NaNoWriMo is one-third gone, and I'm just now starting to write -- unexpected domestic situations threw me off my stride, and the Catholic Reading Project took up most of my writing time. However, better to start late than not to start at all. I'll still try to get 50,000 words written on my novel within 30 days, although maybe not by the end of November.

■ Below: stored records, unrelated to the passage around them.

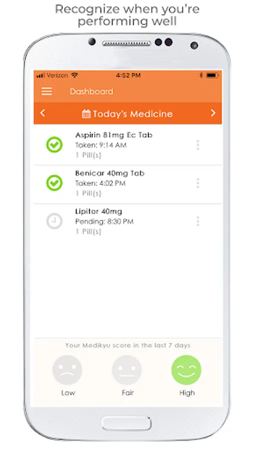 The Beacon of Care™. Medikyu tracks doses and reminds you when it’s time to take your medication, supplements, or vitamins. Put yourself at ease by staying on top of not only your own, but your loved ones’ doses too. Medikyu app reminds family members or friends when to take their medicine, and lets you know if they miss their dose.
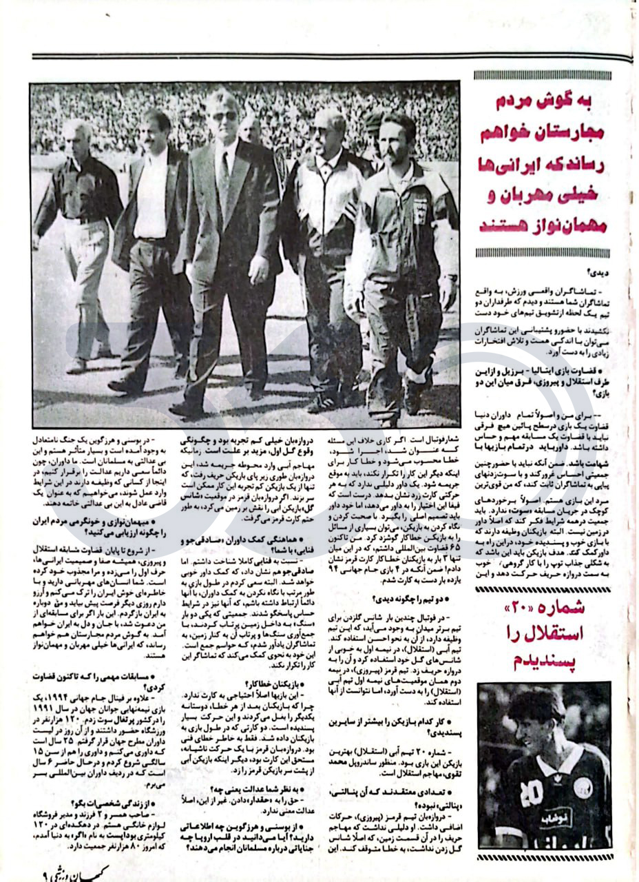 در سال 1374 دو سوم از تیم داوری فینال جام جهانی، قضاوت داربی تهران را بر عهده داشتند.
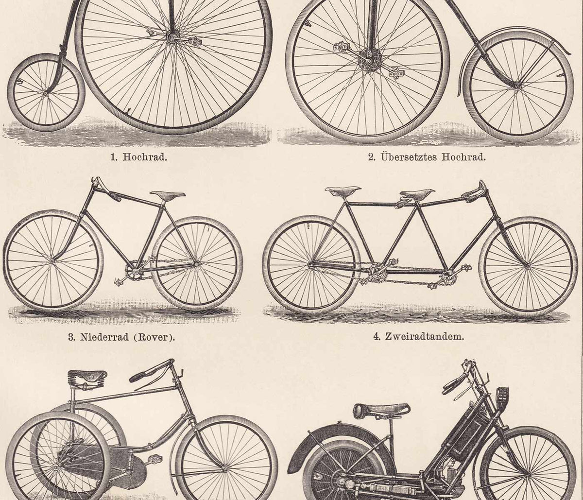 Meyers Konversations Lexikon · 1894 · Impressão vintage detalhada de bicicletas com traço preto nítido
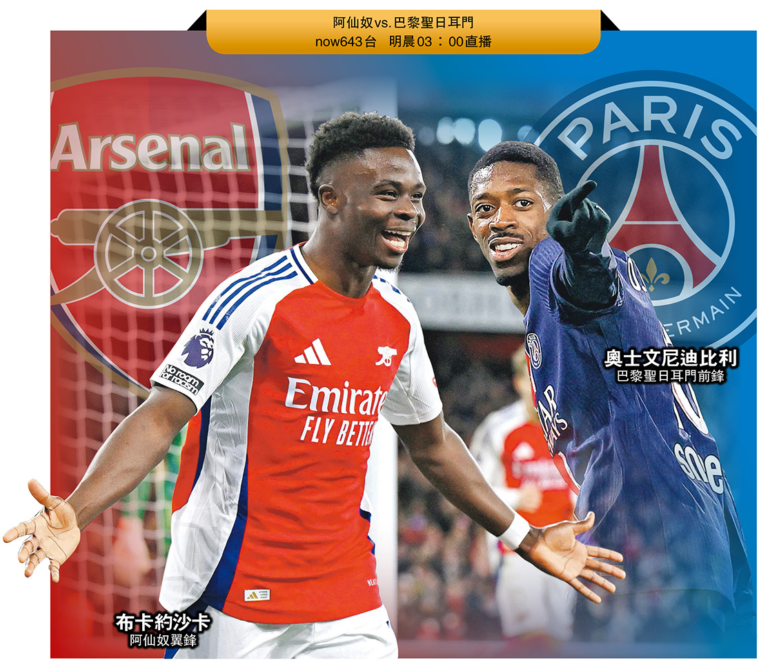 【明報專訊】歐聯明晨舉行阿仙奴主場碰巴黎聖日耳門(PSG)的4強首回合比賽,亦是兩軍西班牙籍主帥阿迪達與安歷基合演的「巴塞隆拿師兄弟內訌戰」,惟勝負關鍵勢在料復任正選的主隊翼鋒布卡約沙卡,以及今季被改造為箭頭的奧士文尼迪比利,能否及時回復最佳狀態?

waiting for the Muse; writing without plot
Right now I'm working on a rough outline of the plot. Even though I've been creating this story in my mind for more than thirty years, since I was not consciously constructing a novel, just a kind of ongoing adventure, I probably have the makings of a series of novels -- half a dozen, at least, spanning 40-50 years in the lives of my main characters -- so I really need to carve out the chunk that will make up just the first book. That means not just deciding how far the first story will go (that was pretty easy to decide), but how to shape it in such a way that it will have its own internal dynamic and novelistic shape. That shouldn't take too long, but today I've been studying up on how to plot a novel so that I can get the plot into rough form before starting to pound the keyboard to get started on the 50,000 first draft.

It's surprising how many aspiring writers think there is something inauthentic about planning the shape of a novel before you write it; apparently there are two camps, plotters and SOTP (seat of the pants) writers, a.k.a. "pantsers." Many years ago, when I first started trying to write short stories and novels, I was a "pantser," and I've learned that it is sheer madness to just "wait for the Muse" or to expect a story to tell itself. I've spent more than thirty years studying literature since then, and I know that while a story's structure may be invisible to the reader (and may even have emerged unconsciously from the writer's mind), every story that "works" has a discernible structure that paces the action in a satisfying way, and every major development needs to be psychologically necessary and satisfying. What Aristotle said of tragedies 2,300 years ago is still true of modern novels: the best ones need a beginning, a middle, and an end that are causally related, a unified, rather than episodic, plot: i.e., actions are realistically motivated, one thing causes another, all the details contribute to moving the plot forward and bringing it to a satisfying conclusion. It is MUCH easier to produce such a tale if you put a little planning into it ahead of time.

Snoopy typing "not the end"; how not to end a novel
Why Snoopy never became a great novelist.
Too many hastily written novels lack many of these features. Even in a novel series, each individual novel needs to have a self-contained plot -- a conflict that gets resolved, a protagonist who overcomes a foe, achieves a goal, reaches some satisfying new stage of growth or development -- even though further novels will may be picking the protagonist up where the previous book left off. There are many amateurish series that fail to do this: the installments are not really self-contained stories, but mere episodes in a larger story and taken by themselves they leave the reader unsatisfied. They are, in fact, simply fragments of a lengthy serial novel, designed to keep readers buying successive fragments in hopes of eventually getting to a real resolution. (I rant about this a bit over on my Catholic Reader blog.) The effect of such works is to suggest that the writer is crass and sloppy, someone who just wants to string the reader along for as long as possible and keep the money flowing in.

For centuries -- nay, millennia -- writers understood that a good story to be well told needed a carefully devised structure. This was true of the great epic poets -- neither Homer nor Dante would have dreamt of just sitting down to write without an intricate and careful plan to guide him. Even today, movie scriptwriters know that a film script has to follow a particular kind of story arc in order to satisfy the unconscious needs of viewers; they can't simply intersperse dialogue and action scenes. Really successful novelists, those with contracts to produce a couple of new titles each year, could never fulfill their contractual obligations if they just sat down at their keyboards and waited for inspiration to strike -- they know they need a carefully structure outline, and they schedule their time so that a certain amount of progress gets made each day. Plot outlines are especially important, of course, for really prolific authors who use ghostwriters. The author creates the characters and the plot outline, and then trusts the ghost to follow the plan. (By the way, this is an honorable practice that goes back at least 900 years -- Chretien de Troyes, the twelfth-century equivalent of today's best-selling authors of blockbusters, used ghostwriters to complete at least two of his five Arthurian romances.)

So I've been checking out some of the free NaNoWriMo resources to help with plotting, as well as Kindle books on the subject available from Amazon, so that I can have a viable plot outline before I begin writing my NaNoWriMo novel. I'll let you know which ones I find helpful, and why.